All the lines below need to be transcribed exactly. Pictures get left out.

- STORED DATA:
= Beginning of Section =

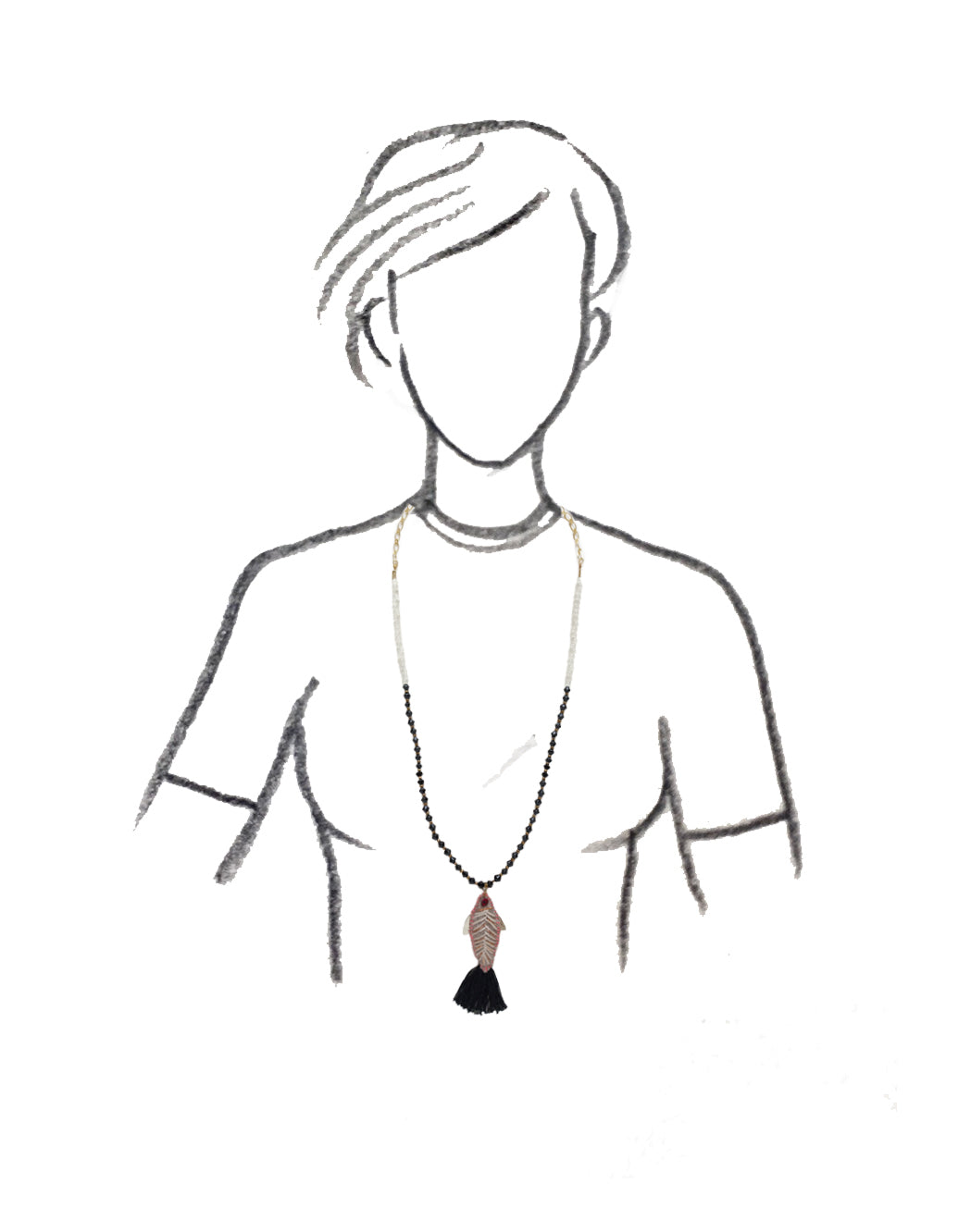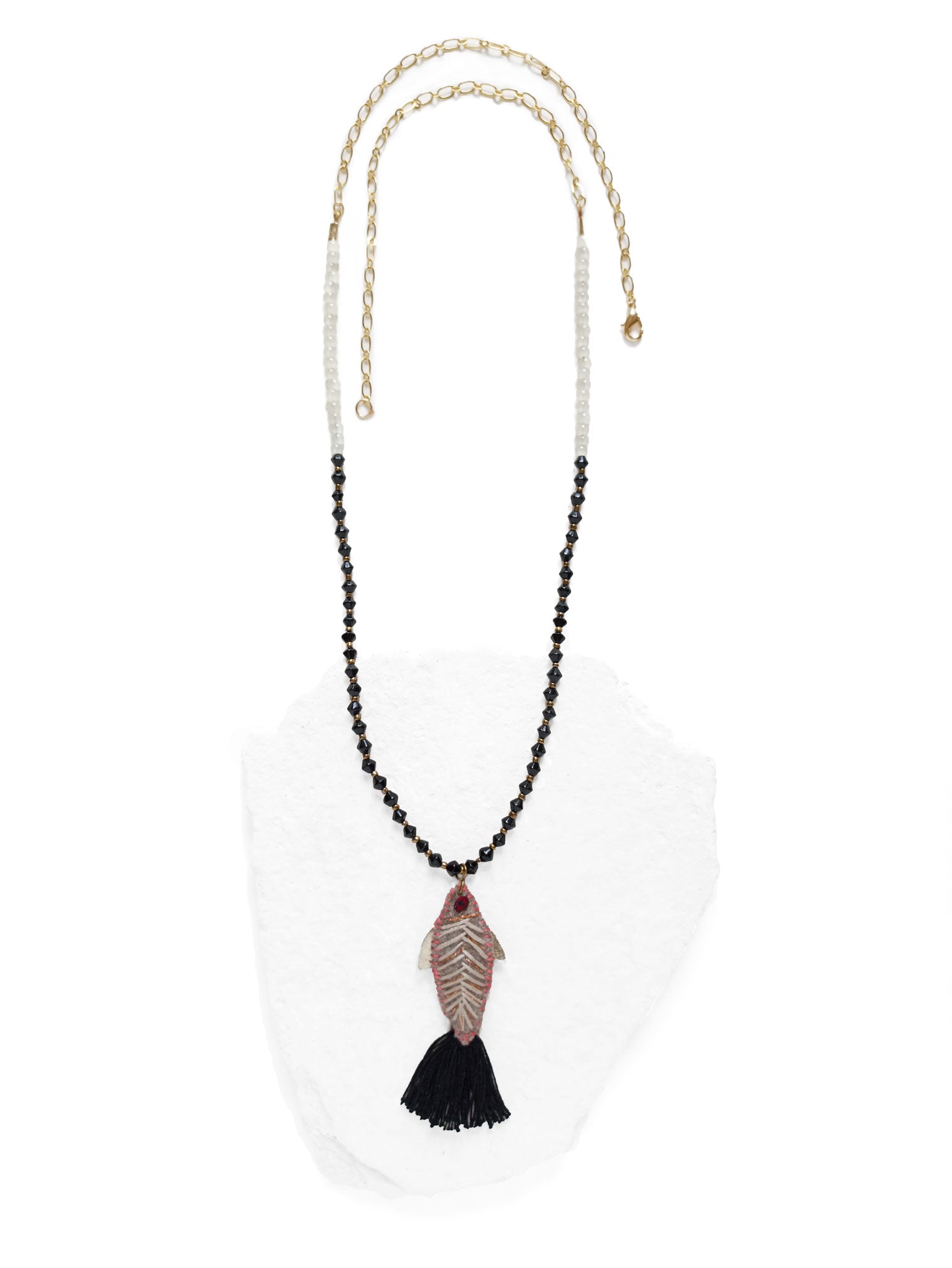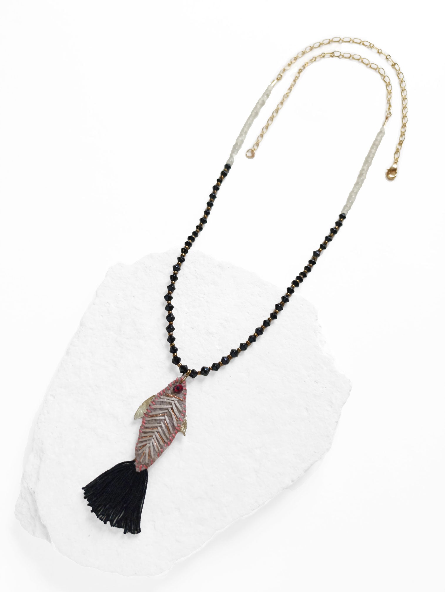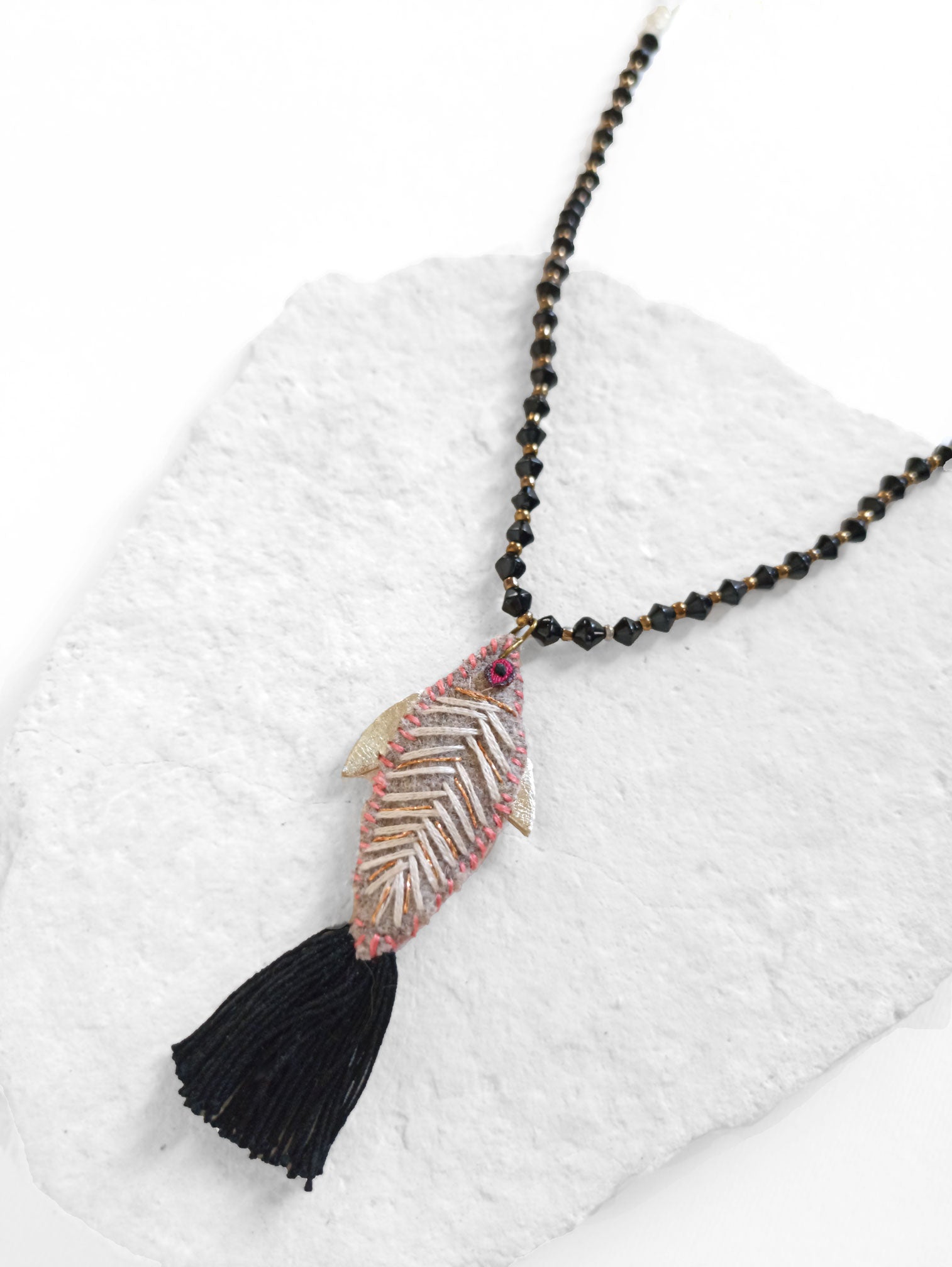 Collar con cadena de chapa de oro y cuentas de vidrio color beige, negro y oro viejo, con dije en forma de pez, bordado a mano con hilo de algodón color coral, beige e hilo metálico cobre sobre tela de lana gris, fieltro beige y vinipiel dorada. Broche de chapa de oro.
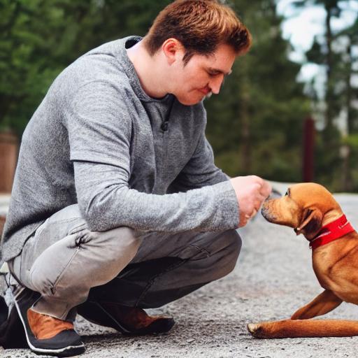 /showme man giving a dog a peanut butter treat
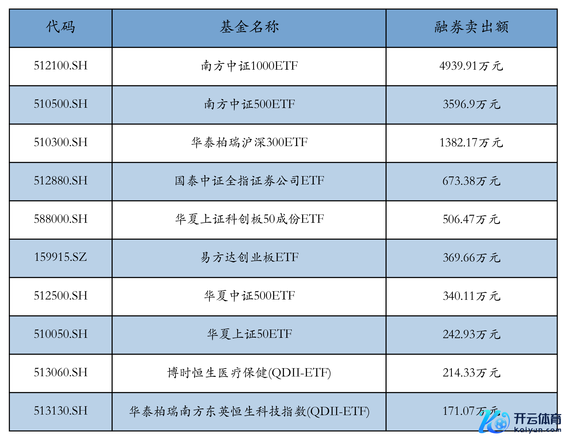 12月27日ETF融券卖出额前三位隔离为:南边中证1000ETF(4939.91万元)、南边中证500ETF(3596.9万元)和华泰柏瑞沪深300ETF(1382.17万元)万博manbext网页版登录app官网,前10具体见下表:

= End of Section =

- REPLY:
 Collar con cadena de chapa de oro y cuentas de vidrio color beige, negro y oro viejo, con dije en forma de pez, bordado a mano con hilo de algodón color coral, beige e hilo metálico cobre sobre tela de lana gris, fieltro beige y vinipiel dorada. Broche de chapa de oro.
 /showme man giving a dog a peanut butter treat
 12月27日ETF融券卖出额前三位隔离为:南边中证1000ETF(4939.91万元)、南边中证500ETF(3596.9万元)和华泰柏瑞沪深300ETF(1382.17万元)万博manbext网页版登录app官网,前10具体见下表:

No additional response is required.